Agent 69 Jensen: In the Sign of Sagittarius (1978) Agent 69 Jensen: In the Sign of Sagittarius / Agent 69 Jensen: I Skyttens Tegn (1978) -*

     Agent 69 Jensen: In the Sign of Scorpio had marked a return to form, in a sense, for the Sign comedies: like the first in the cycle, In the Sign of the Virgin, it was a disjointed and idiotic mess that occasionally managed to be mildly amusing almost in spite of itself. 1978’s Sign film, Agent 69 Jensen: In the Sign of Sagittarius, went that one worse, however, bringing the long-running semi-series into the “Oh, Goddamnit, just stop!” phase of the franchise life-cycle. Fortunately, it was also the last of the bunch— although it does seem like a minor cosmic injustice that In the Sign of Sagittarius should also be the last film of Ole Søltoft’s career.
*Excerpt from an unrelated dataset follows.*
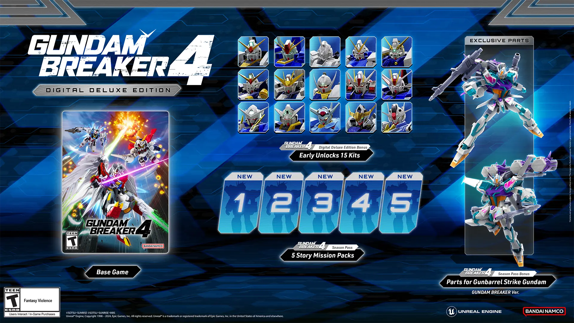 Digital Deluxe Edition – This version includes the base game, early unlocks to parts from 15 “hero” mobile suits spanning iconic series including Mobile Suit Gundam SEED, Mobile Suit Gundam: The Witch from Mercury, Mobile Suit Gundam: Iron Blooded Orphans, Turn A Gundam, Mobile Suit Gundam 00, Mobile Suit Gundam Unicorn, Mobile Suit Gundam Wing, and others. Also included are five story mission packs with new mobile suits and Digital Deluxe exclusive parts featuring the GUNDAM BREAKER 4 hero mobile suit and the Gunbarrel Strike Gundam (GUNDAM BREAKER Ver.).

     Somehow or other, the Albanian military has developed a missile worth worrying about. Fired from the torpedo tubes of an attack submarine (so that it can be represented by stock footage of US Navy SUBROC test launches), it can deliver its payload to any major city in Western Europe from the Adriatic Sea, or even strike the American eastern seaboard, assuming that the sub carrying it could survive to reach the central Atlantic. Of course, Albania doesn’t have any nukes, but I’m not sure writers Werner Hedman and Edmondt Jensen are aware of that. In any case, a man named Stanley (Bent Rohweder, from The Blue Balloon and Pornography: A Musical) who had been spying for Albania, is now working both sides of the fence. He has stolen the blueprints for the new missile, transferred them to microfilm, and smuggled them to Tangier in a lady’s powder compact. Together with a pair of none-too-trustworthy conspirators, Stanley has offered to sell the film to Danish military intelligence for $10 million. With that in mind, the chief of the intelligence agency (Poul Bundgaard again) is sending his two newest agents, Arnold Andersen (still Søren Strømberg) and Knud Børge Andersen (Molly’s André Chazel, who had been the Sheik of Obec in Agent 69 Jensen: In the Sign of Scorpio), to Tangier to meet with Stanley and make the trade.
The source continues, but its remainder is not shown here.